If inequality is as high in India as you argue, why does India, in your view, remain reluctant to even discuss it?

A

I can only speculate why the government resists such measures or why economists associated with it deny rising inequality as a concern. There appears to be an excessive emphasis on projecting a uniformly positive image of the country. While this is understandable to an extent, completely ignoring the problem is difficult to comprehend.

One does not need to read our paper to see rising inequality, it is visible in everyday life. A visit to any city reveals the widening divide: luxury five-star properties on one hand, and stagnant living conditions for the masses on the other. Persistent issues such as traffic congestion, poor waste management, and water-logging continue to affect most people. The stark contrast between government schools and hospitals and their private counterparts further underlines this divide.

It is therefore puzzling that the government is quick to endorse studies claiming lower inequality in India, even when such studies contain basic methodological errors. It is essential for the government to acknowledge the problem of rising wealth and income inequality. Since the proposed tax affects only the top 0.04% of the population, there is no real vote-bank risk. What is required is political prioritisation and a genuine effort to build consensus in the right direction.

Q

As technology replaces labour, how might wealth concentration evolve over the next decade?

A

Historically, every major wave of innovation, from the Industrial Revolution to the IT era, has enabled greater wealth concentration, displaced some jobs, but also created new sectors, higher productivity, and new livelihoods. We are witnessing a similar transition today with AI and automation.

Over the next one or two decades, technology is likely to trigger deep restructuring of labour markets and wealth distribution as human work is increasingly replaced across sectors. A significant share of service-sector jobs may become redundant, although automation is more likely to redefine roles than eliminate them entirely. This shift will intensify competition to upskill, especially in areas such as creative thinking, emotional intelligence, and problem-solving, skills that remain difficult for AI to replicate.

Given how the Indian IT and services sector is integrated into the global economy, the initial impact is likely to be a decline in projects outsourced to India. Some of this is already visible, with fewer projects flowing into Indian firms, leading to job losses, particularly in roles that can be automated. Much will depend on how the Indian services sector responds to this transition.

As the cost of technology and AI tools falls, individuals and startups will gain access to advanced capabilities, potentially driving a new wave of tech entrepreneurs and lean, highly automated firms. While this may appear to broaden wealth creation, returns are likely to remain highly concentrated.

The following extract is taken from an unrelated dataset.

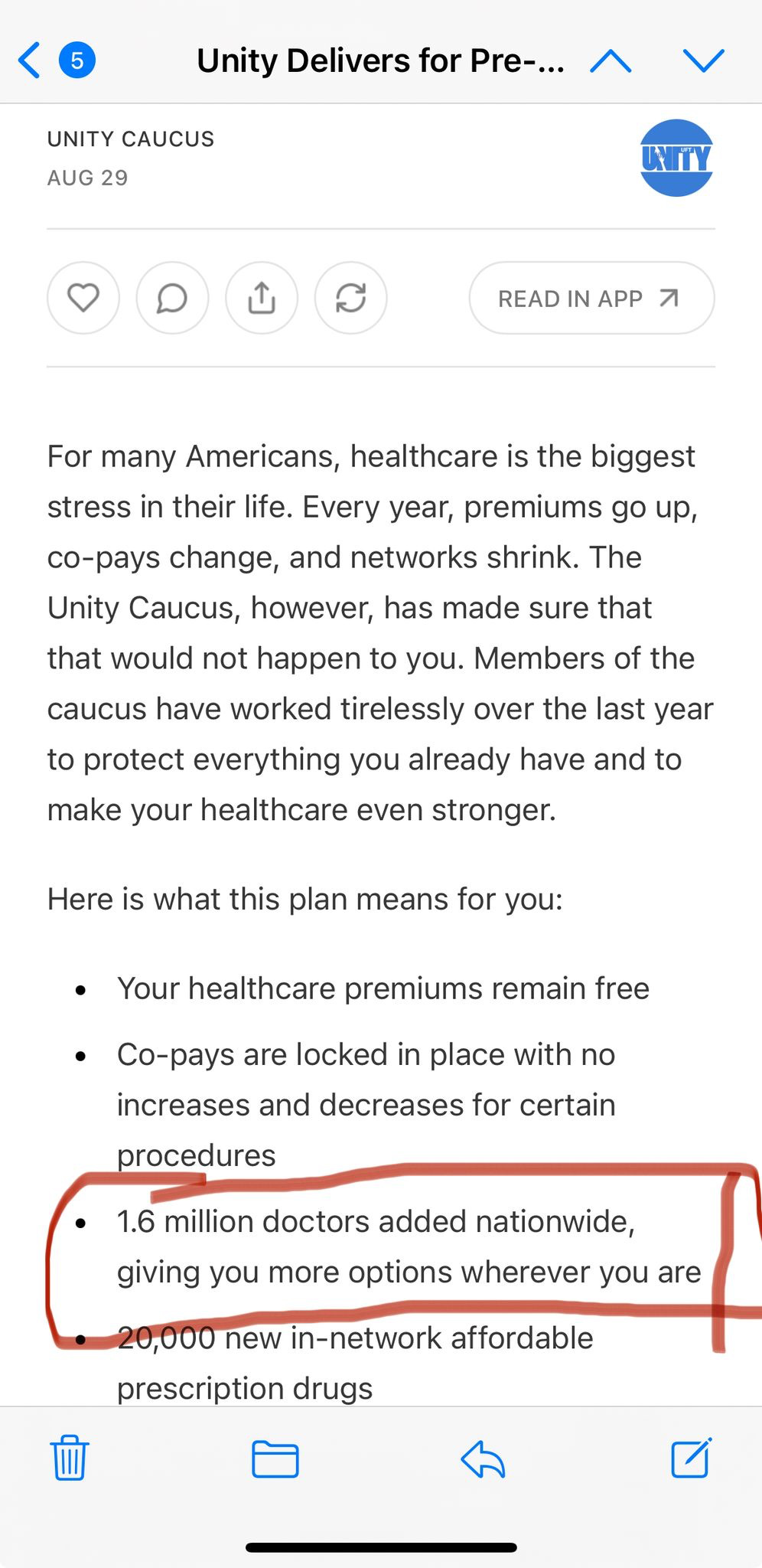 Worse, Unity amended it. First, they gave lip service to opposing Medicare Advantage. Again, they continue to do nothing to ensure that. Second, they created this phony-baloney rubber stamp health committee, simply to make it appear Unity was not making unilateral decisions.

The top 0.1%—those controlling major platforms, networks, and intellectual property—will continue to consolidate wealth. There may be some redistribution within the upper tier, with the top 1–2% gaining access to scalable digital assets such as startups, creator platforms, and algorithmic trading. Beyond this, overall wealth inequality is likely to widen.

Q

What are the political or social risks?

A

Politically, rising inequality will increase pressure on governments to strengthen social safety nets, not only through unemployment support but also via universal access to quality healthcare, education, and digital infrastructure.

Socially, the challenge will be keeping large populations meaningfully engaged. We are likely to see growth in “pseudo-productive” digital activities, such as online trading, gaming, and content creation, that provide a sense of agency, even if their economic productivity is limited. This trend is already visible among younger generations supplementing incomes through these channels.

Ultimately, the social and political outcomes will depend on how effectively governments invest in skilling, human capital, and smart policy so that productivity gains translate into inclusion rather than exclusion. Technology itself does not determine inequality, how we design and deploy it does.